71

I have been fooling around with some code and saw something that I don't understand the "why" of.

int i = 6;
int j;

int *ptr = &i;
int *ptr1 = &j

j = i++;

//now j == 6 and i == 7. Straightforward.

What if you put the operator on the left side of the equals sign?

++ptr = ptr1;

is equivalent to

(ptr = ptr + 1) = ptr1; 

whereas

ptr++ = ptr1;

is equivalent to

ptr = ptr + 1 = ptr1;

The postfix runs a compilation error and I get it. You've got a constant "ptr + 1" on the left side of an assignment operator. Fair enough.

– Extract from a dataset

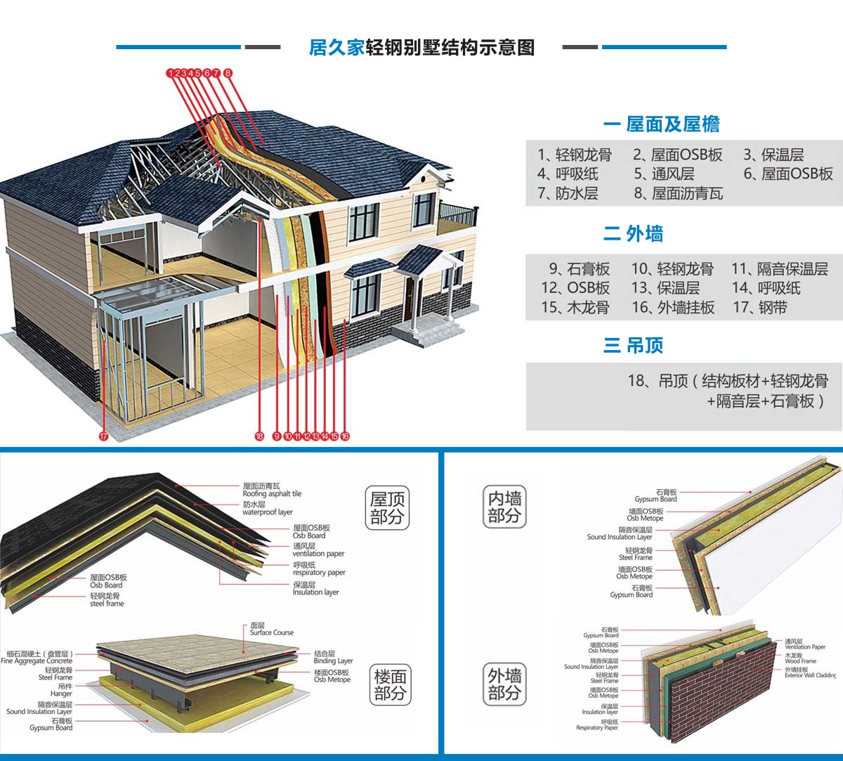 居久家輕鋼別墅隸屬于四川萬建城建筑工程有限公司,集科研、設(shè)計、咨詢、加工、生產(chǎn)安裝為一體。一直致力于新型輕鋼結(jié)構(gòu)房屋的研究、開發(fā)和應(yīng)用,倡導(dǎo)房屋建筑的設(shè)計和應(yīng)用在標(biāo)準(zhǔn)化、模塊化、通用化、規(guī)模化生產(chǎn)的同時,實現(xiàn)人居環(huán)境的個性化、人性化、以及健康和舒適。 公司目前引進(jìn)具有國內(nèi)先進(jìn)水平輕鋼結(jié)構(gòu)房屋建筑技術(shù)和生產(chǎn)線,標(biāo)準(zhǔn)化、精細(xì)化和定制化設(shè)計、制造、安裝輕鋼結(jié)構(gòu)房屋。不僅能夠提供風(fēng)格各異的別墅建筑,同樣能夠提供行業(yè)標(biāo)準(zhǔn)的輕鋼樓宇建筑及建筑群。居久家裝配式房屋技術(shù)體系是高效節(jié)能型綠色建筑體系,各項建筑物理性能卓越,處于業(yè)內(nèi)先進(jìn)水平,能夠為客戶提供全程模塊化綠色建筑集成解決方案。

The prefix one compiles and WORKS in C++. Yes, I understand it's messy and you're dealing with unallocated memory, but it works and compiles. In C this does not compile, returning the same error as the postfix "lvalue required as left operand of assignment". This happens no matter how it's written, expanded out with two "=" operators or with the "++ptr" syntax.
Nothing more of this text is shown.